One of the major announcements in the Budget today was the hike in STT, or Securities Transaction Tax. Finance Minister Nirmala Sitharaman proposed increasing the STT on futures and options (F&O) to 0.05% from 0.02%. The finance minister said the STT on F&O has been raised to discourage speculative trading. The announcement spooked the markets, prompting investors to turn extremely cautious.

What’s the rationale behind the sharp hike in STT?

Not only was the STT hike a surprise, but the magnitude of the increase was significant as well. Market veteran Ajay Bagga highlighted that “a 150% hike in STT on futures and a 50% hike in STT on options is a surprise. Already, F&O volumes are down in FY26, and against the target of Rs 75,000 crore in collections, they stand at Rs 48,000 crore as of mid-January. Markets have not liked this increase in tax.
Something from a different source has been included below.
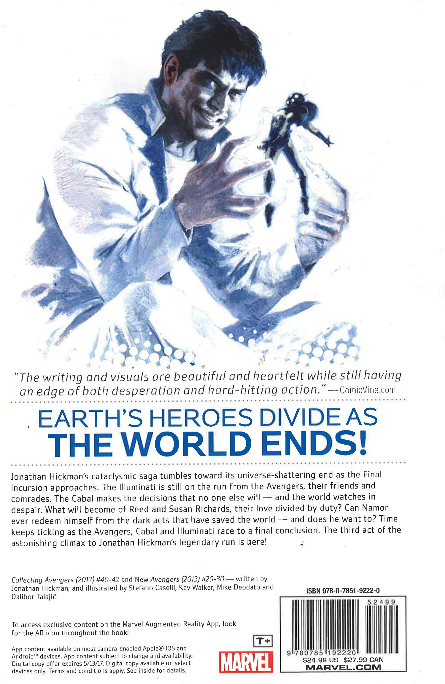For Earth's Mightiest Heroes and the Illuminati, it has all been building to this. After two years of carefully crafting his cataclysmic saga, writer Jonathan Hickman jumps ahead eight months to the grand finale, the honest-to-goodness immediate future of the Marvel Universe...and the day of the Final Incursion! After the revelation of the Illuminati's desperate, world-destroying actions, the Avengers are fragmented! What has become of Earth's Mightiest Heroes over the past eight months? What will happen when the Avengers, Illuminati and Cabal clash? And have all the battles they've endured, and the sacrifices they've made, prepared either group for the inevitable moment where time runs out for everybody? The third act of the astonishing climax to Jonathan Hickman's legendary run is here!
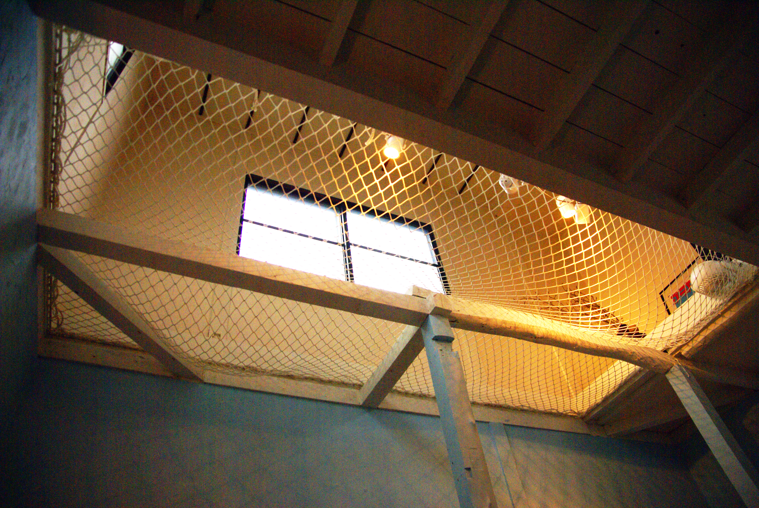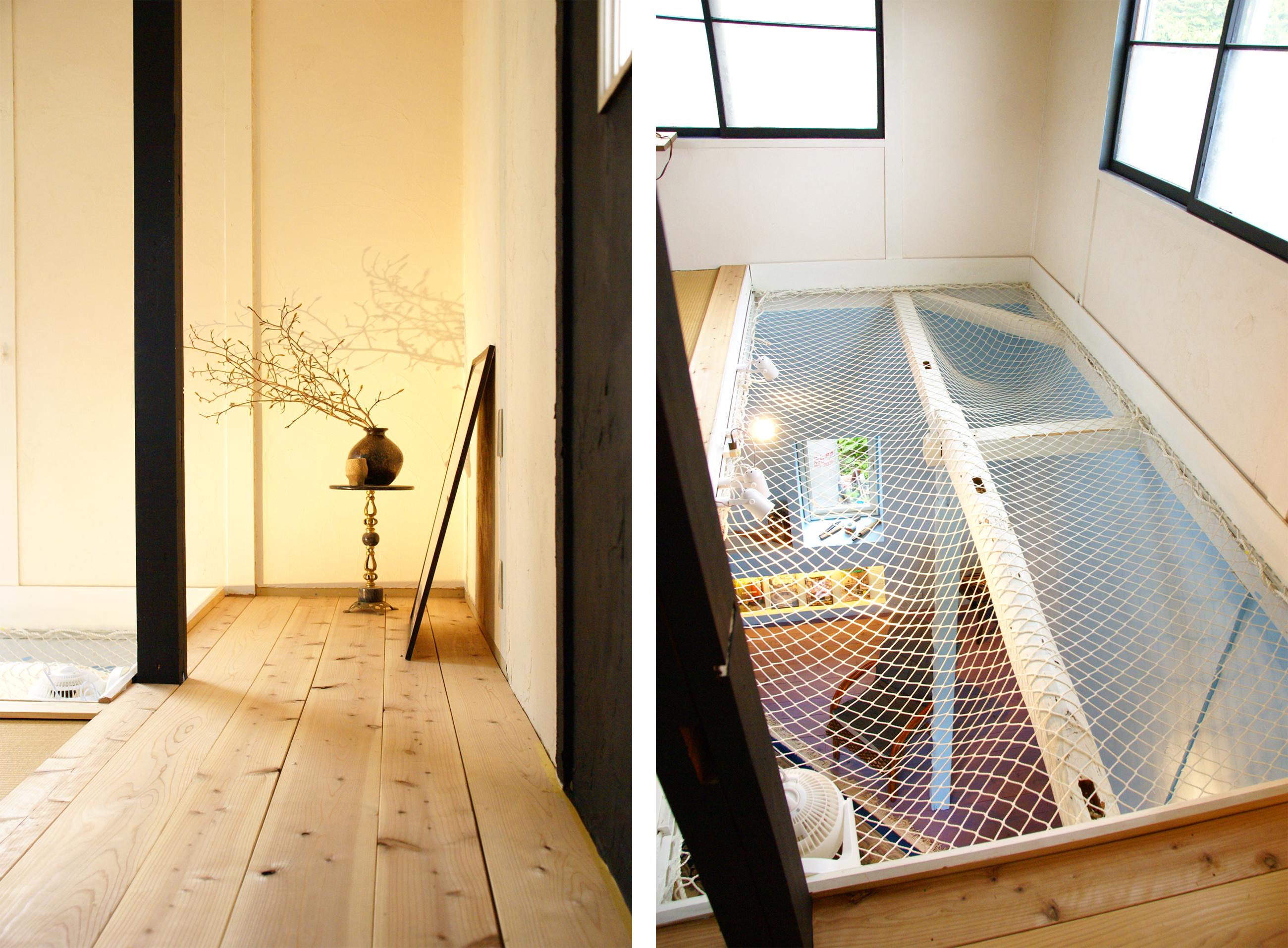部屋奥の天井は吹き抜けになっていてハンモックがある(もちろん乗れる)

This was an opportunity to reduce STT, and the hike has come as a big surprise.”

Promod Batra, Partner, Deloitte India, pointed out that the measure was perhaps undertaken “to discourage speculation in options and futures in securities. The rate of STT is sought to be increased from 0.1% to 0.15% of the option premium, and where the option is exercised, from 0.125% to 0.15%. For futures in securities, STT on sale has been increased from 0.02% to 0.05%.”

How will the STT hike impact trading volumes?

Shripal Shah, MD and CEO of Kotak Securities, said that “the steep increase in STT on futures and options, coming on top of last year’s hike, is likely to raise impact costs for traders, hedgers, and arbitrageurs.”

“This could cool derivative activity and lead to a reduction in volumes. The intent appears to be volume moderation rather than revenue maximisation, as any potential revenue gain could be offset by lower derivative volumes,” Shah added.

The increased scrutiny on F&O trading stems from multiple instances of retail investors incurring losses in equity index derivatives. A study conducted by SEBI earlier revealed that around 93% of individual traders in the equity futures and options segment continue to incur losses. More concerning is that despite consecutive years of losses, over 75% of loss-making traders continued trading in F&O.

What is STT?

To recap, STT, or Securities Transaction Tax, is a tax levied on securities transactions, whether buying or selling. The tax is charged based on the transaction value at the time the trade is executed.